**Information provided:**
════════════════════
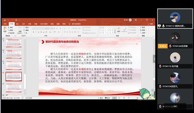 各团支部围绕“绽放战疫青春,坚定制度自信”的主题,通过线上主题团课帮助团员青年学习贯彻“十九届四中全会精神”,并进行讨论交流,引导团员青年增强“四个意识”、坚定“四个自信”、做到“两个维护”,将思想和行动统一到全会精神上来,坚定制度自信,担负时代使命。
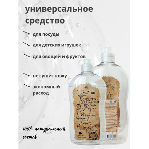 Это моющее средство от российского бренда MELAL. Оно биоразлагаемое, с антибактериальным эффектом для мытья всех видов посуды, детских игрушек, овощей и фруктов и кухонного инвентаря от любых видов загрязнений. Всего одна капля создает обильную пену, способную безупречно чисто вымыть посуду и не только, эффективно устраняя запахи, удаляя жир как в горячей, так и в холодной воде, не оставляя следов. Биоразлагаемые компоненты не вредят микрофлоре септических установок при использовании средства в соответствии со способом применения. Универсальный гель для мытья посуды в красивом флаконе порадует Вас и Ваших близких!
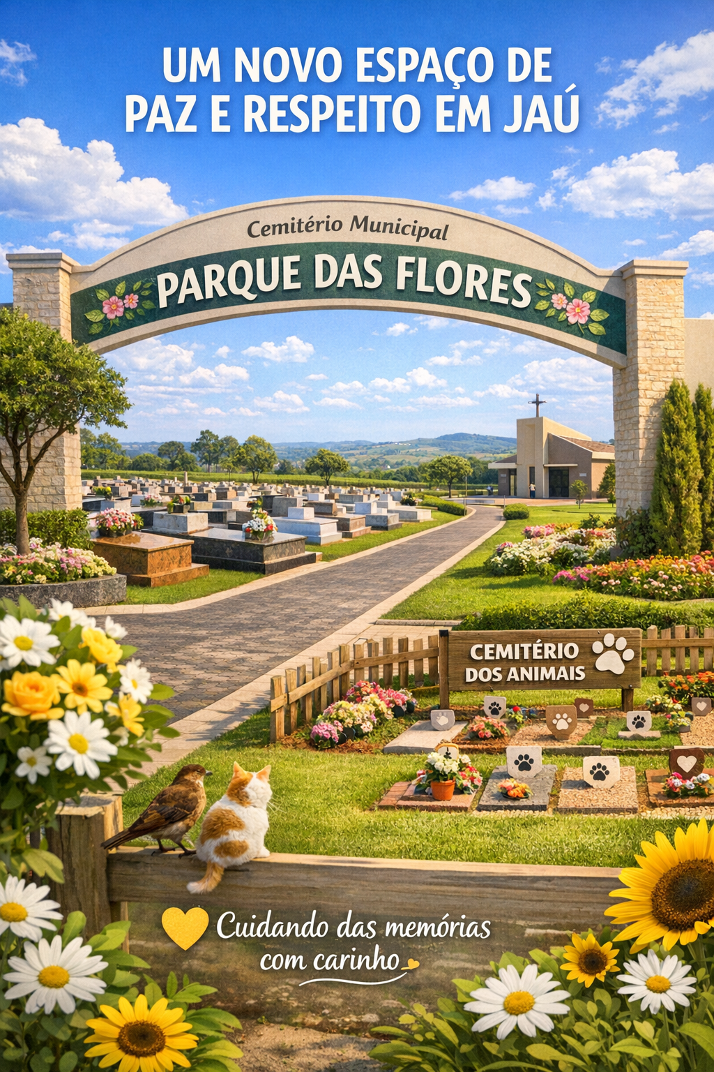 E tem mais: ao lado do cemitério, uma área especial dedicada aos pets também está sendo preparada, reforçando o cuidado com todos os vínculos que fazem parte da nossa história.
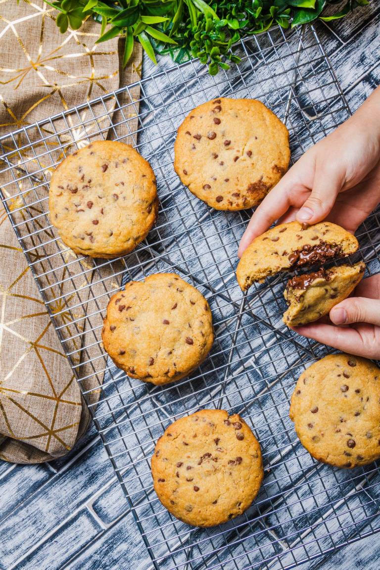 Para hacerlas más golosas ponemos dentro de cada bolita un trozo de chocolate o mezclar chispas de chocolate blanco y oscuro. Horneamos nuestras “big cookies” por 15 minutos a 170 grados. Si deseamos que estén más crocantes las dejamos por 5 minutos más.
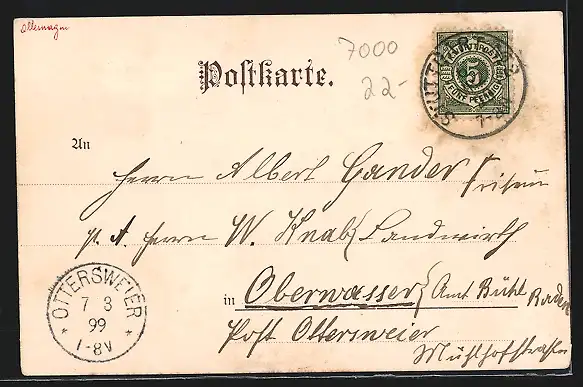 alte Ansichtskarte, gelaufen 1899, guter Zustand
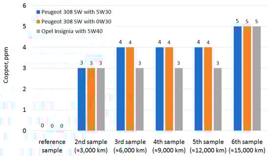 Figure 5) was observed in all the cars used in the test. Release of copper particles is possible when valve stems rub against valve guides made of copper alloy—bronze; as well as a result of friction occurring in bronze bushings. In none of the cars does the amount of copper particles reach high values, which indicate typical, normal wear of parts as a result of friction.
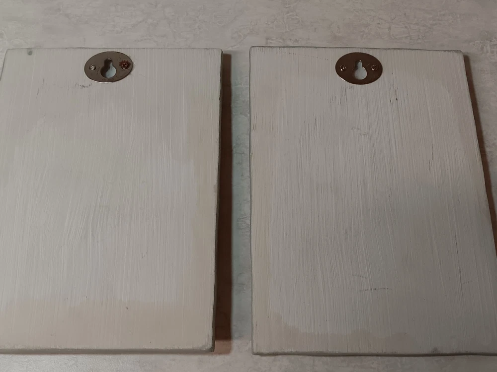 On the back of one of the pieces is rust around the screw of the hanging mechanism. Still functions! Approx Dimensions: Height: 6.25" Width 4.5" Thick: less than a cm
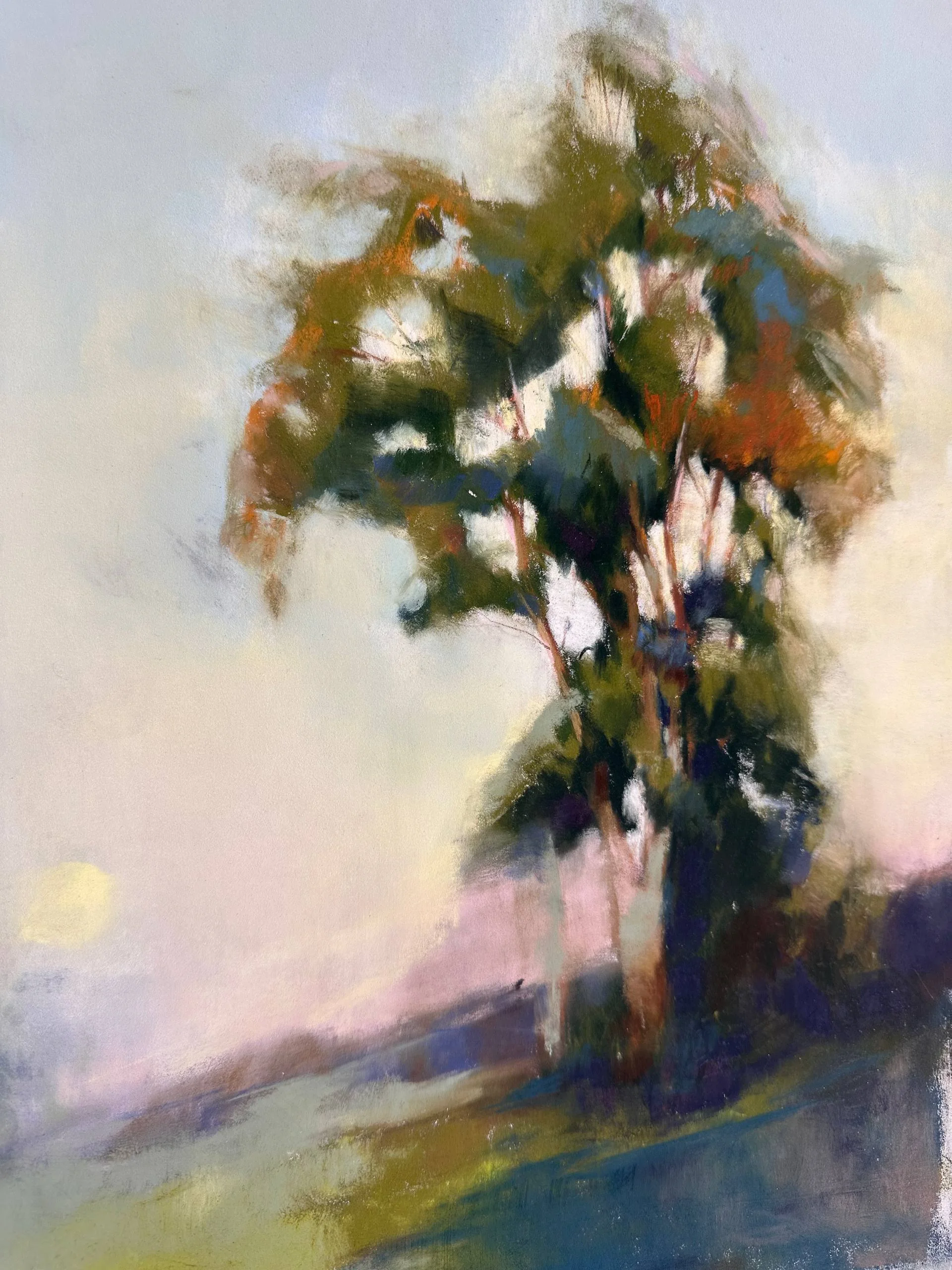 A pastel painting featuring a solitary eucalyptus tree against a pink and purple sky. The piece is based on the bold contrast between the dark tones of the tree and the soft, glowing light of the sunset. The raw color strokes and loose handling give this landscape a fresh, vibrant, and atmospheric feel.
════════════════════
**Task objective:**
Pictures must be left out of the answer, which should be exactly the lines from the one holding "On the back" through the last line of the entries above, both included; please add nothing.

**Your solution:**
 On the back of one of the pieces is rust around the screw of the hanging mechanism. Still functions! Approx Dimensions: Height: 6.25" Width 4.5" Thick: less than a cm
 A pastel painting featuring a solitary eucalyptus tree against a pink and purple sky. The piece is based on the bold contrast between the dark tones of the tree and the soft, glowing light of the sunset. The raw color strokes and loose handling give this landscape a fresh, vibrant, and atmospheric feel.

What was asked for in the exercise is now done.